--- START ---

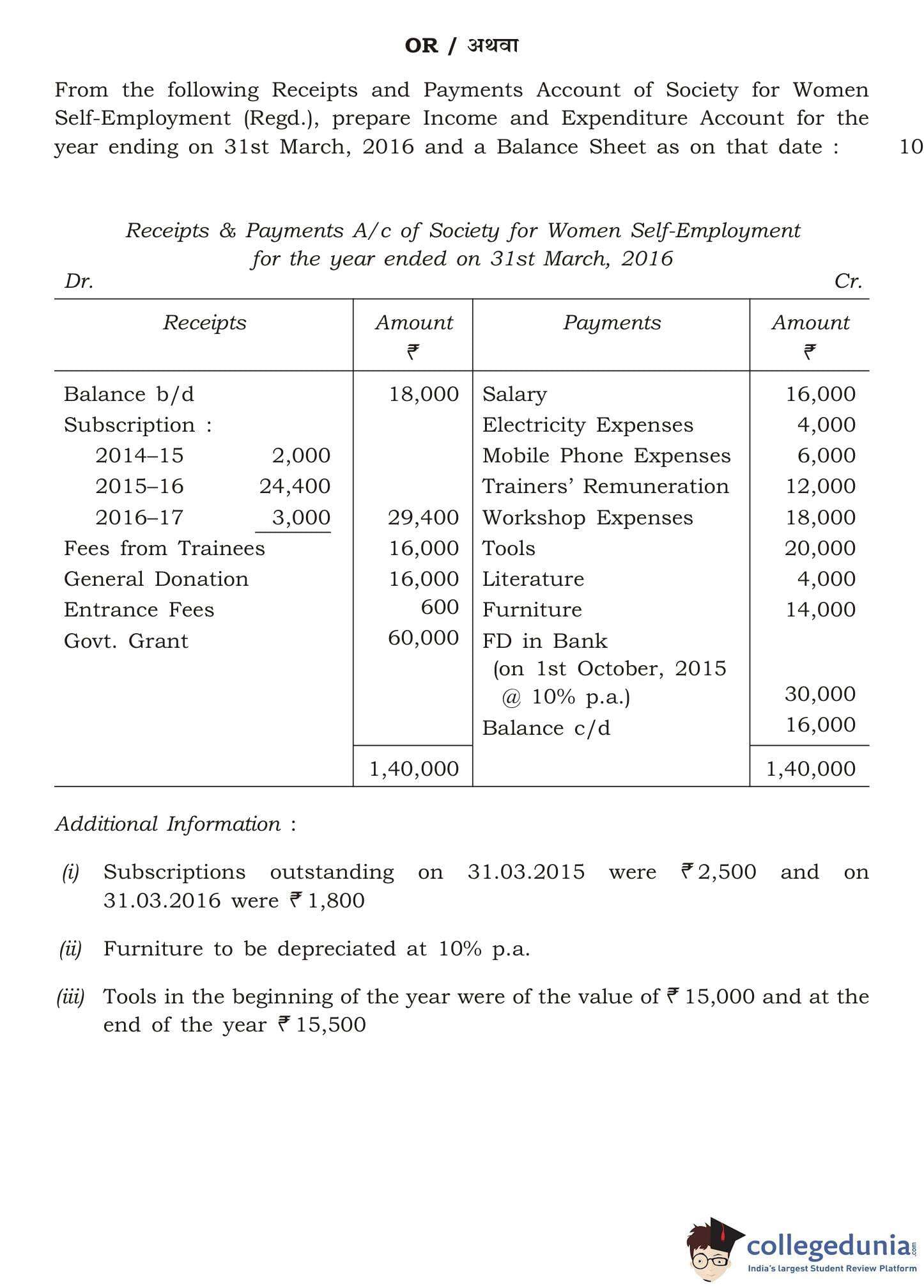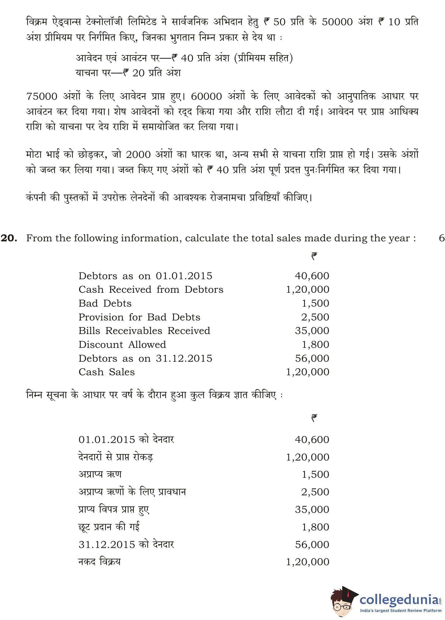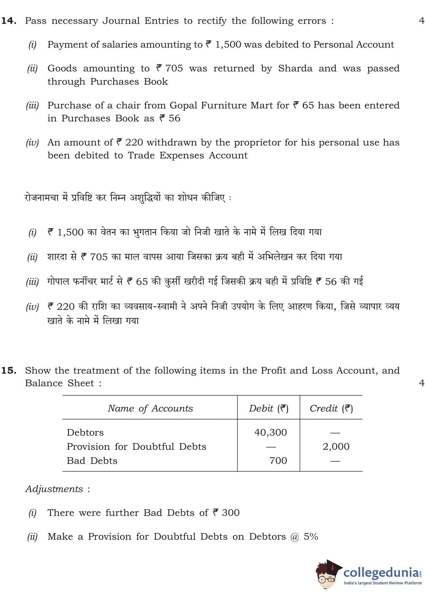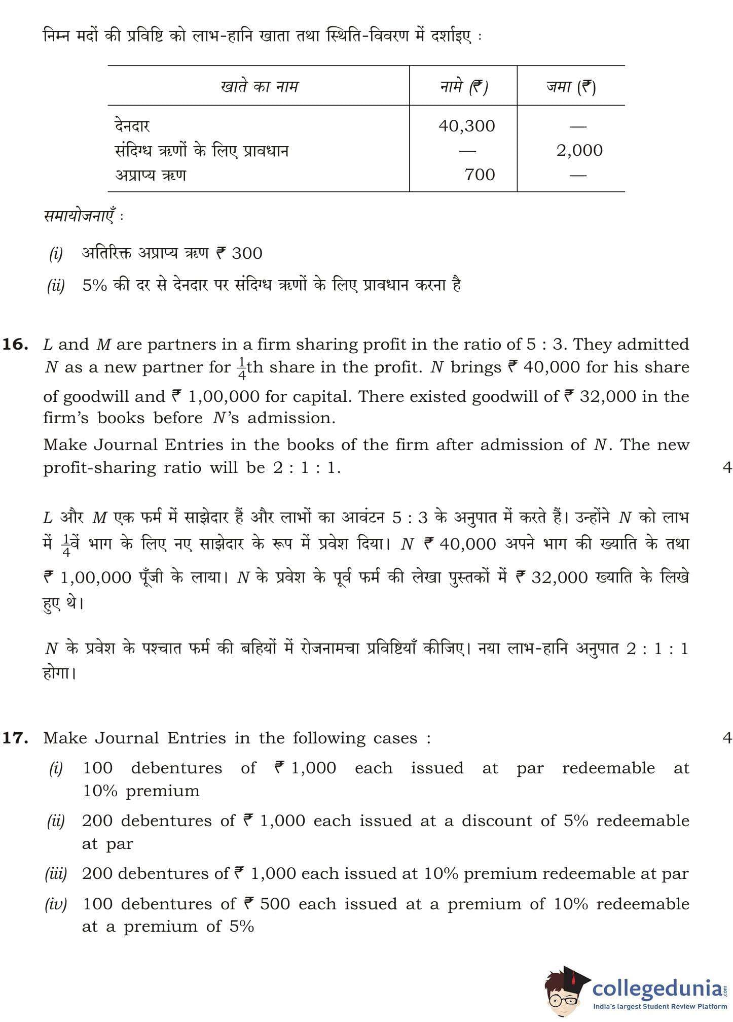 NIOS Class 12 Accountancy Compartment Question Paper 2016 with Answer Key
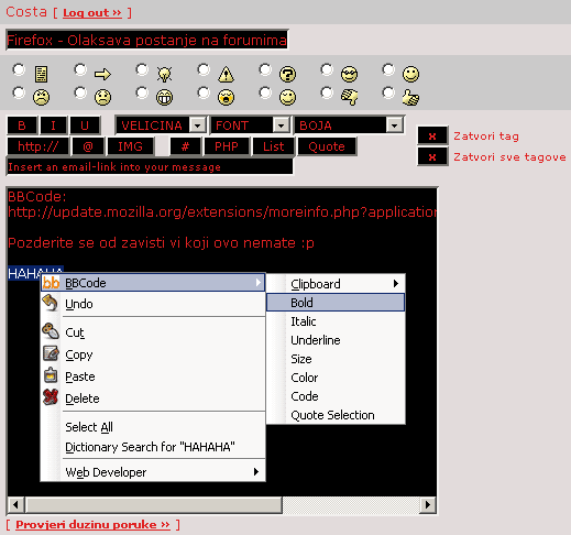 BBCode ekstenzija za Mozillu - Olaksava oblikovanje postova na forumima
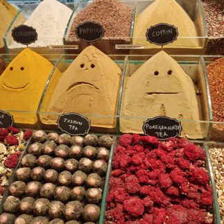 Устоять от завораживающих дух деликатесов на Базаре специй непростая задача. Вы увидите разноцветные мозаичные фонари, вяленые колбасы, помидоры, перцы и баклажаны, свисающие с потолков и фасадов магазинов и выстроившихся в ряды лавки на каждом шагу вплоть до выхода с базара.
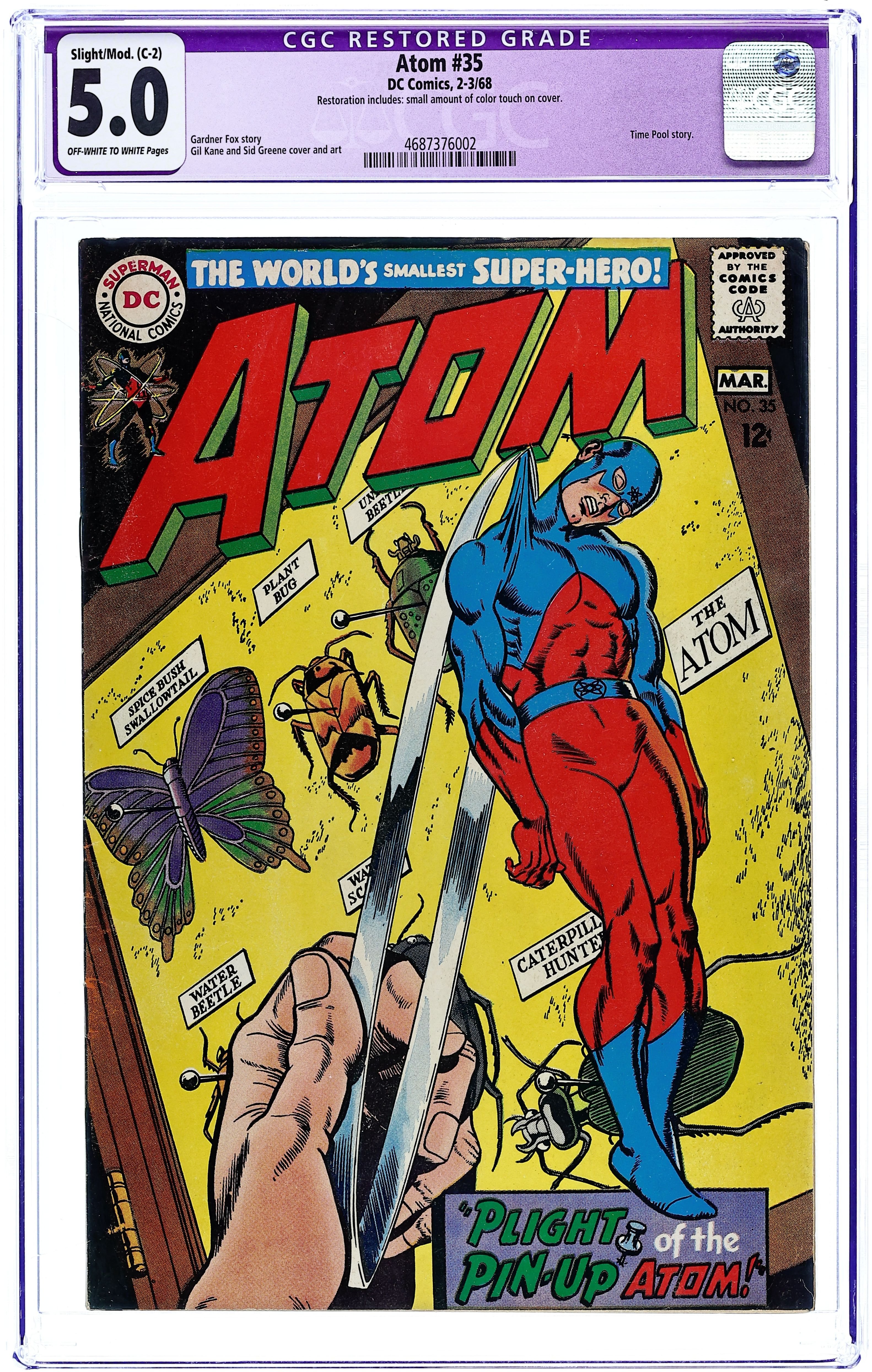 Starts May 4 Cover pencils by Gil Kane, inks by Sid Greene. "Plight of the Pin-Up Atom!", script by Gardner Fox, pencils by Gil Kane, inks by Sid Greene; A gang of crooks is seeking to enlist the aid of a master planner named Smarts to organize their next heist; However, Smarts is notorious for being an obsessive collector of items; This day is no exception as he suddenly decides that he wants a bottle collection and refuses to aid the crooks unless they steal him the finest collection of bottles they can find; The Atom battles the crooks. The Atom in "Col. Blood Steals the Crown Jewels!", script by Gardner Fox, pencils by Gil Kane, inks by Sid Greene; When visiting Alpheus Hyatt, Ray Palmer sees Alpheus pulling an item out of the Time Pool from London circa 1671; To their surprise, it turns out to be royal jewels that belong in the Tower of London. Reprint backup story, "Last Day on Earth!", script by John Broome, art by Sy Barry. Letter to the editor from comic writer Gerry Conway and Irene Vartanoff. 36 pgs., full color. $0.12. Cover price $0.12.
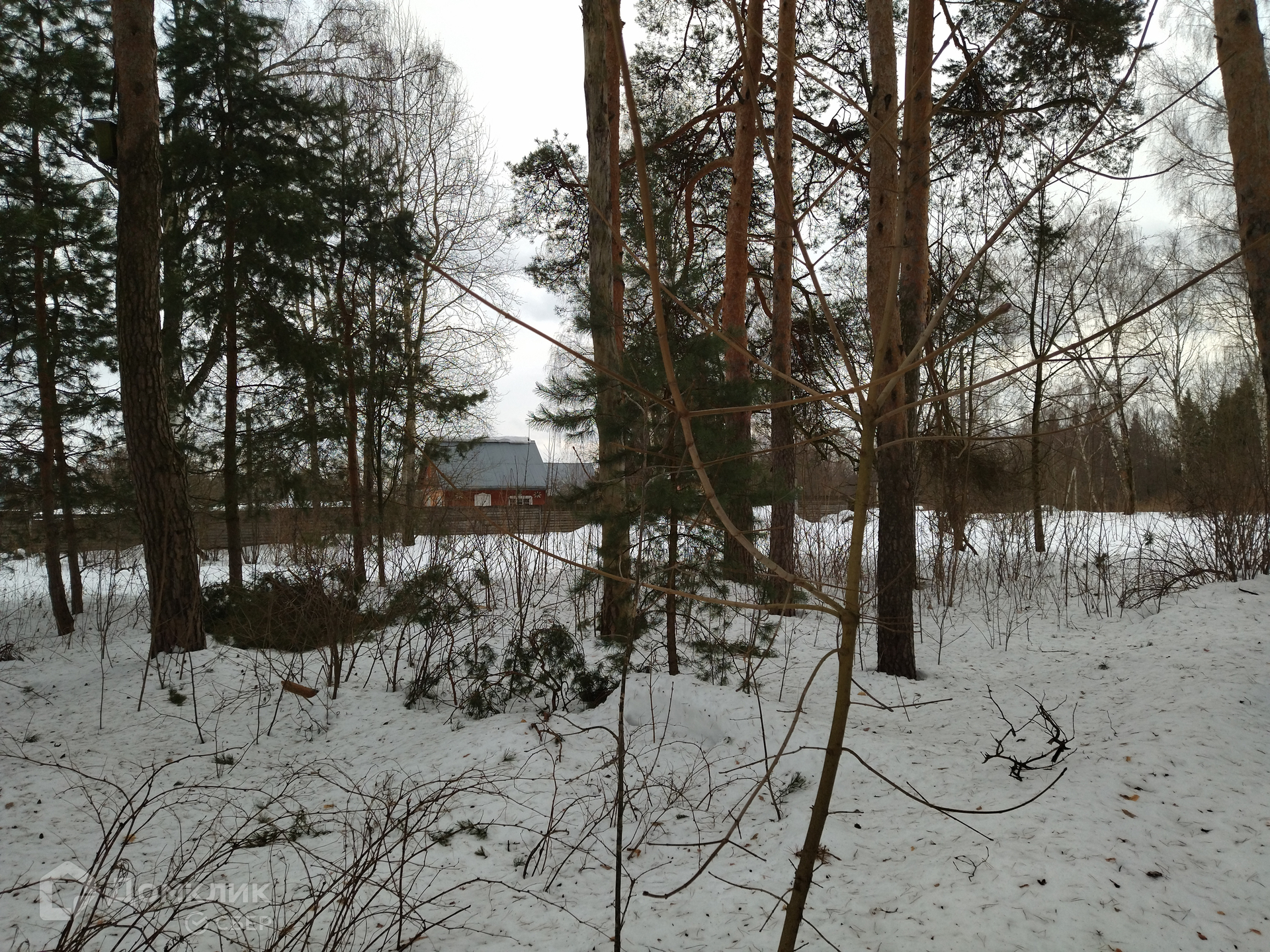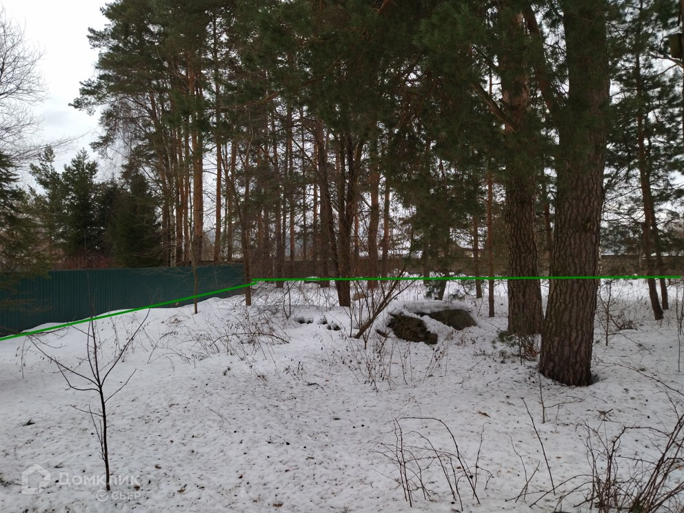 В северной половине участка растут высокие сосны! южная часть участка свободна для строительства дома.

--- END ---

Work instructions:
The answer should contain only the lines from the start of the records above through the line with "Устоять от завораживающих", copied exactly, and no pictures.

Written response:
 NIOS Class 12 Accountancy Compartment Question Paper 2016 with Answer Key
 BBCode ekstenzija za Mozillu - Olaksava oblikovanje postova na forumima
 Устоять от завораживающих дух деликатесов на Базаре специй непростая задача. Вы увидите разноцветные мозаичные фонари, вяленые колбасы, помидоры, перцы и баклажаны, свисающие с потолков и фасадов магазинов и выстроившихся в ряды лавки на каждом шагу вплоть до выхода с базара.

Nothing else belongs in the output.